§ DIRECTIONS FOR THIS TASK
Copy nothing but the lines from the one containing "Rivet Removal Tool Simonds" through the last line of the entries below, exactly as written and without pictures.

*** Opening of THE DATA ***

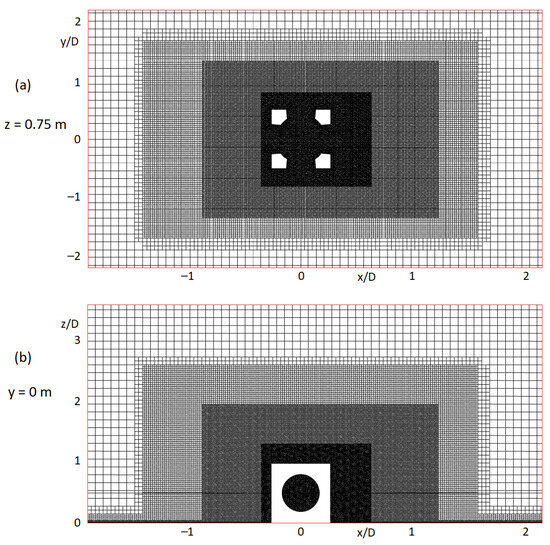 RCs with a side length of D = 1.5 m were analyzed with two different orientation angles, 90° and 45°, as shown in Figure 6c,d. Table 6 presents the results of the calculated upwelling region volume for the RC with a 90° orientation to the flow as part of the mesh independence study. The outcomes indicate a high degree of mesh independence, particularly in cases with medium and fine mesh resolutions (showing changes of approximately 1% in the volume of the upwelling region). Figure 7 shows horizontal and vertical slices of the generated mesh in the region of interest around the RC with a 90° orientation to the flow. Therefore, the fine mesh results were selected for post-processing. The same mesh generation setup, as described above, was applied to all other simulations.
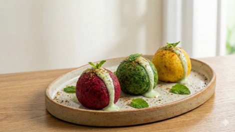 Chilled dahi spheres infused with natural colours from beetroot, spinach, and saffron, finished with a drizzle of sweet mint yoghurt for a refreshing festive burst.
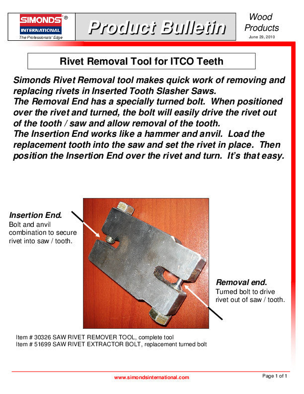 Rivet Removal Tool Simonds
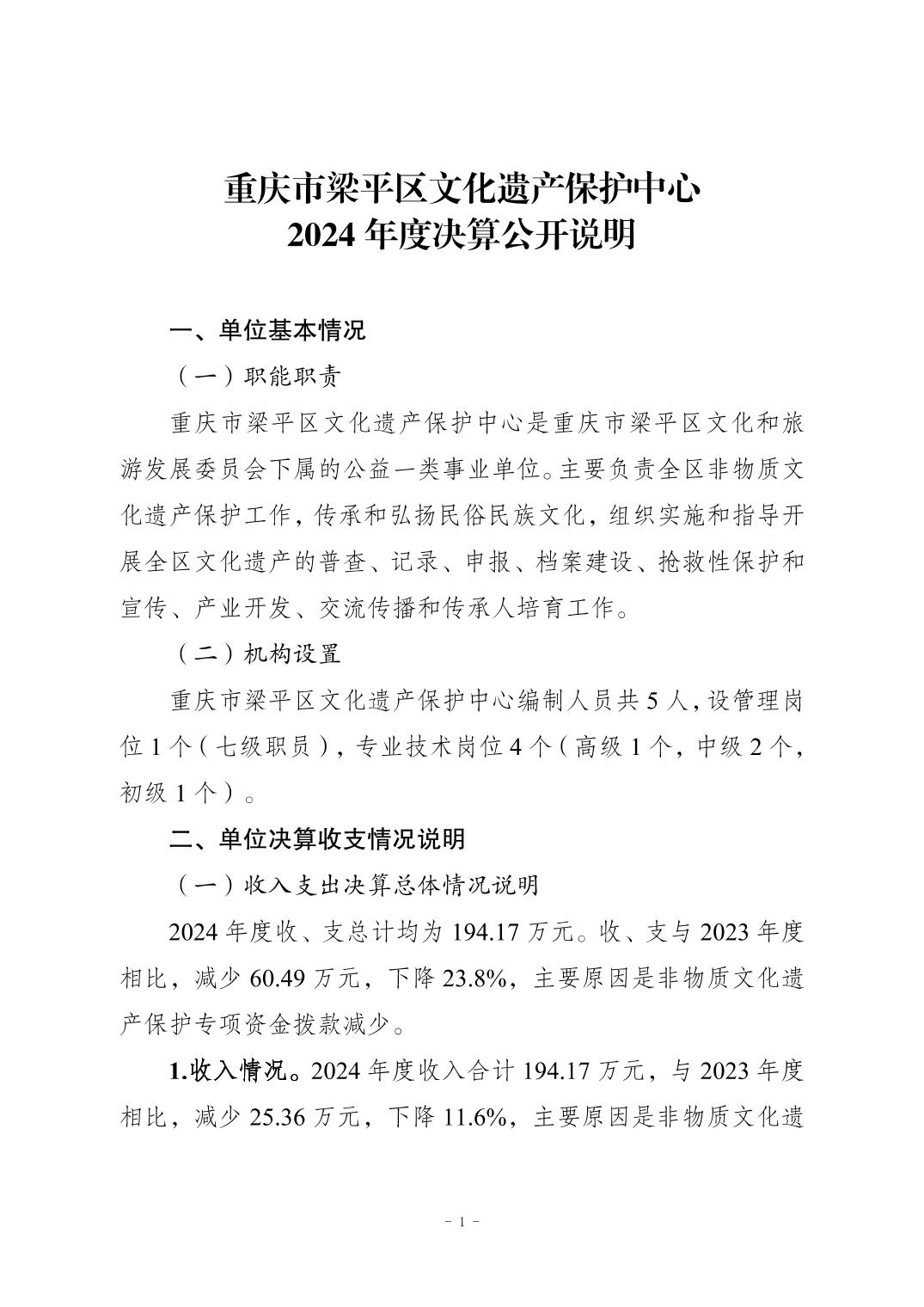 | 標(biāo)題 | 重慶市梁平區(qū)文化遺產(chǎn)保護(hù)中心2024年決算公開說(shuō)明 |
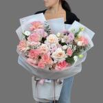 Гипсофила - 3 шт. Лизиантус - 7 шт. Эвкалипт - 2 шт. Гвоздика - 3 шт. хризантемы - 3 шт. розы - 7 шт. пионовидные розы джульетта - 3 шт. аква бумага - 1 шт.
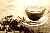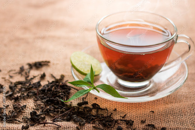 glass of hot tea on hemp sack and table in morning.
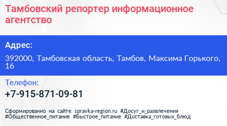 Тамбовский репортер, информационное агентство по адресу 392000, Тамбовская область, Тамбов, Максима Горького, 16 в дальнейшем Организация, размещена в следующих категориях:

*** Close of THE DATA ***

§ EXPECTED ANSWER
 Rivet Removal Tool Simonds
 | 標(biāo)題 | 重慶市梁平區(qū)文化遺產(chǎn)保護(hù)中心2024年決算公開說(shuō)明 |
 Гипсофила - 3 шт. Лизиантус - 7 шт. Эвкалипт - 2 шт. Гвоздика - 3 шт. хризантемы - 3 шт. розы - 7 шт. пионовидные розы джульетта - 3 шт. аква бумага - 1 шт.
 glass of hot tea on hemp sack and table in morning.
 Тамбовский репортер, информационное агентство по адресу 392000, Тамбовская область, Тамбов, Максима Горького, 16 в дальнейшем Организация, размещена в следующих категориях:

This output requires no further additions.